# Turtle Beach: Left Speaker Cutting Out



## Crozarius (Nov 17, 2011)

Right now I'm having problems with my headset. Sometimes the speaker on the left side cuts out and the only way to make it come back is to tilt my head to the right slightly, which is uncomfortable. Sometimes the issue vanishes for a while after I fiddle with the cord or unplug the headset and put it back in. I've tried both the front and back audio jack, reinstalled my Realtek drivers, prayed to the Nine Divines, everything.

===Computer And Hardware Stats===

Turtle Beach Earforce Z2 Headset

Intel Core i5-2500 CPU @ 3.30GHz 3.60GHz

8.00 GB RAM

Windows 7 Enterprise 64 bit

Service Pack 1

NVIDIA GeForce 560 Ti

Gigabyte Z68A-D3-B3 Motherboard

======
I plugged my headset into another computer after the left speaker played up again, lo and behold, the left speaker now plays up on ALL the computers. I checked on all the computers that we own and the problem is on every single one of them. 

That means that it's the headset.

Problem is, I only just got this headset 2 weeks ago because my old Turtle Beach did EXACTLY THE SAME THING.

This thing cost me 90 dollars, why can't Turtle Beach get their **** together? The first one I owned worked fine for 3 years, then went dead at the same time that two things happened.
*
1) We moved house.
*
I have no clue how this would affect my headset in any way, shape or form. But I think that there MUST be something about this place that is chewing through my headsets. I had my TurtleBeach X11 for 3 years and it bites the dust after 3 weeks here; then my new $90 Z2 dies in around the same time.


*2) New computer*

We've already established that it isn't just my new computer, it turns out that EVERY computer has the same problem. On a side note, it may be that there is an electrical fault in the audio jacks and it's somehow screwed with the headsets permanently.
Okay then. I have conducted a series of tests and drawn a helpful diagram with MS Paint.












So basically, whenever the sound box thing swung to the left, the speaker was fine, then whenever it swing to the right, it cut out. Odd. Upon further investigation, the wire before the voice box on the audio jack side HAD to be taut, else it would not work.


----------



## Crozarius (Nov 17, 2011)

Right, so I can't find the Edit button so I'll post a new post.
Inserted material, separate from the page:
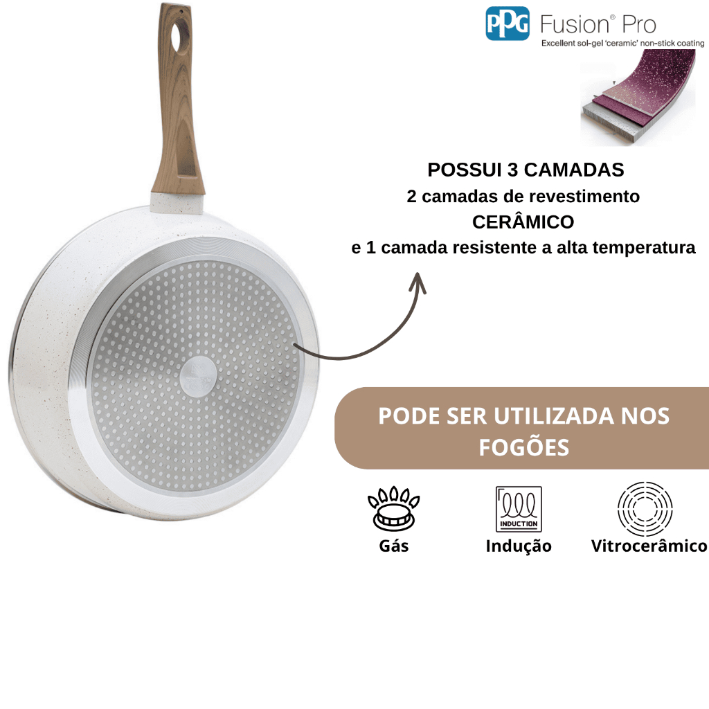 Frigideira Funda com Tampa Panela Wok 28cm Antiaderente Cerâmica Cooktop Fogão Indução

My sound card is apparently a Realtek one that came with my Motherboard. After plugging the headset into the rear audio jacks, disabling ALL the settings in Realtek, then applying them, then reactivating them all and applying them, the headset is working fine. I'm not sure what exactly this is triggering but all I know is that the stuttering in the left ear will come back eventually. Getting this to happen involves a lot of guesswork and I'm relieved that I can go listen to some music for the time being.

The issue is not solved yet as this is only a temp fix so I would still appreciate help.


----------



## WereBo (Apr 5, 2008)

Hi Crozarius and welcome to TSF :wave:

As the headphones are new and you've proved it's a fault with the headphones, you've 2 choices.

1}- Return the headphones for replacement/refund, or....

2}- Attempt to repair them yourself, if you feel confident enough to attempt it. It would seem that there's either a faulty bit of wire or a connection in the 'volume-control' box.

You'll need to open the box to examine the solder-joints and/or see if anything appears loose - Whilst it's open, see whether it has a 3 or 4 strand cable, it might have a 'common-ground/earth' wire for both channels or a wire for each channel, along with the signal-wire for each channel.

Depending on the actual plug, you might be able to open it by just unscrewing it or you might need to replace it with a new one, if it's moulded together.

Then it's just a matter of unsoldering the faulty cable and soldering the new bit, wire by wire.


----------